This is the age of the customer! The more pervasive the Web becomes, the more informed is your customer. The asymmetric information advantage that businesses have traditionally relied on to acquire and retain customers is gone. The Internet and global competition have virtually eliminated all search costs and barriers to switching.
So, what do most customers want? It’s not that they have become unreasonable all of a sudden; they are simply more aware of their choices and less tolerant of poor service. They want easy and multiple ways of finding information, buying products, and getting support. They need both an online presence that is available 24x7 and the option to call or visit. They would like to receive quick, consistent, accurate service through all these interaction channels in a way that makes them come back for more. They want you to “recognize” them at every contact point—they hate being the “glue” that repeatedly provides context for the interaction. And, they’d like you to tell them how they can get more value out of products they’ve bought, how to troubleshoot, and even what else they could buy!
What makes this shift in power from business to customers particularly hard to maneuver for you, the contact center executive? It’s the need to do more with less—you have to meet increasing customer expectations in a time of shrinking budgets and resources. To provide better service at lower costs, contact center executives often resort to the traditional option of driving agents harder. In most such cases, agent attrition goes up and customer experience suffers due to inexperienced or unhappy agents, resulting in customer defections and higher customer retention costs.
Next practices
>>> Think like your customers: This is the first simple, and often overlooked, step to creating a customer-centered service organization. Think like your customers and design service processes and scenarios from their perspective.
What would make it easy for your customers to do business with you? What kind of help do they need in various phases of the customer life cycle? What would be “excellent service” in each interaction scenario? An easy way to find out is to just ask your customers!
One of our clients, a leading financial services institution, embarked on a customer service initiative by first surveying customers. When it realized customers wanted interaction choice more than anything else, the company implemented a customer interaction hub (CIH) to power a customer portal with a range of options for conducting financial transactions online. The portal has delivered tremendous improvement in customer experience and cost efficiencies, reducing the need for agent-assisted service (the same number of agents now handle twice the number of customers).
>>> Visualize an evolving multichannel customer interaction hub: Next, put together a road map for transforming your contact center and other customer-facing organizations in the light of changing customer expectations.
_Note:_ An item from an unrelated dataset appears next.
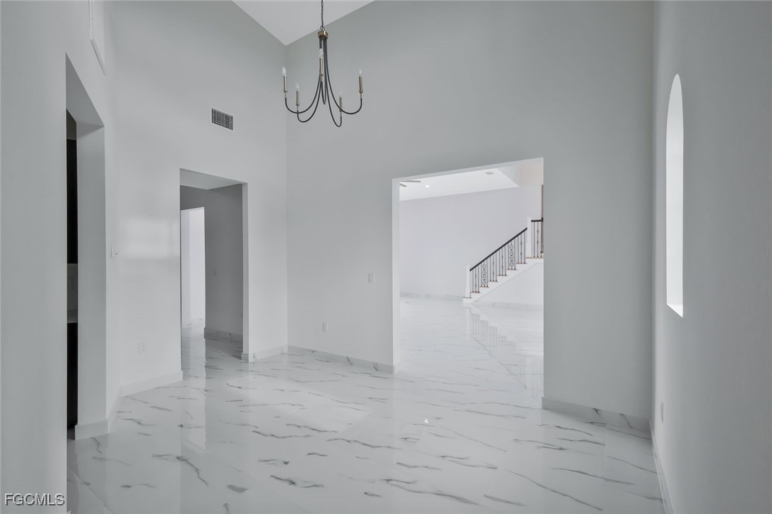 Gulf Access Lakefront Luxury Estate — New Construction 5 Bedroom Pool Home. Experience modern Florida living in this custom-built luxury estate offering nearly 6,500 sq. ft. of indoor/outdoor space on scenic Meadow Lake with direct no-bridges Gulf access. Ample lake frontage allows for a future 30’ boat slip extending into the water. Enter through dramatic 23’ wrought-iron double doors into a stunning great room with floor-to-ceiling windows showcasing the pool and lake views. The open layout blends elegant living spaces with private retreats, perfect for both entertaining and everyday comfort. This home features five spacious bedrooms and four baths, including two primary suites. The main-level suite opens to the pool, while the 800 sq. ft. upstairs suite offers a private balcony, sitting area, and spa-style bath with rainfall shower and body jets. The chef’s kitchen includes a six-burner gas cooktop, custom cabinetry, stainless steel appliances, wine refrigerator, and wet bar. Three additional main-floor guest rooms add flexibility; one includes a private exterior entrance ideal for visitors or a home office. A family room with half bath also functions as a convenient pool bath. Built for unmatched strength and efficiency, the home features a heavy steel-reinforced concrete superstructure, poured upper bond beam, and impact-resistant doors and windows—no shutters needed. A three-zone high-efficiency Rheem HVAC system with transferable 10-year warranty ensures year-round comfort. The 14’x22’ Pebble Tec pool offers an autofill system, Hayward equipment, and a lifetime transferable warranty. Additional features include a 3-car garage, fenced yard, and 9’ elevated base height for reduced insurance. Located in a fast-growing area of Cape Coral, this property offers Gulf access to Charlotte Harbor and is walking distance to the new Crystal Lake Beach with picnic areas, beach access, fitness center, playground, kayaking, boating, and scuba opportunities. Minutes to Coral Oaks and Royal Tee golf courses, Publix, and the future 7 Islands waterfront dining and shopping district.
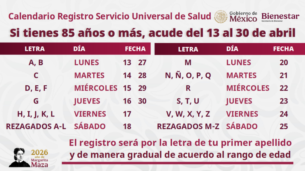 En la conferencia matutina de este martes 7 de abril de 2026, la presidenta, Claudia Sheinbaum, resaltó la publicación de un decreto presidencial para crear el “Servicio Universal de Salud”. El objetivo, aseveró, es garantizar que los mexicanos puedan recibir atención médica en cualquiera de los tres sistemas de salud pública: IMSS, IMSS Bienestar e ISSSTE. Para ello, del 13 al 30 de abril, comenzará el registro para la credencialización, iniciando con las personas de 85 años y más.

A modular, multichannel CIH—with shared knowledge, interaction data, and service processes across channels—is the only cost effective way to providing the choice and service experience that customers expect today. Map out the priority for offering new interaction options (web self-service, email response automation, or web chat and cobrowsing) based on what your customers want, what your contact center objectives and overall business strategy are, and what your competitors offer. Any such road map should also incorporate measuring and marketing the strategic and operational business benefits to senior management (for example, revenue
impact, cost savings, customer satisfaction, contact center productivity, and first-contact resolution) that can be assessed before and after the initiatives.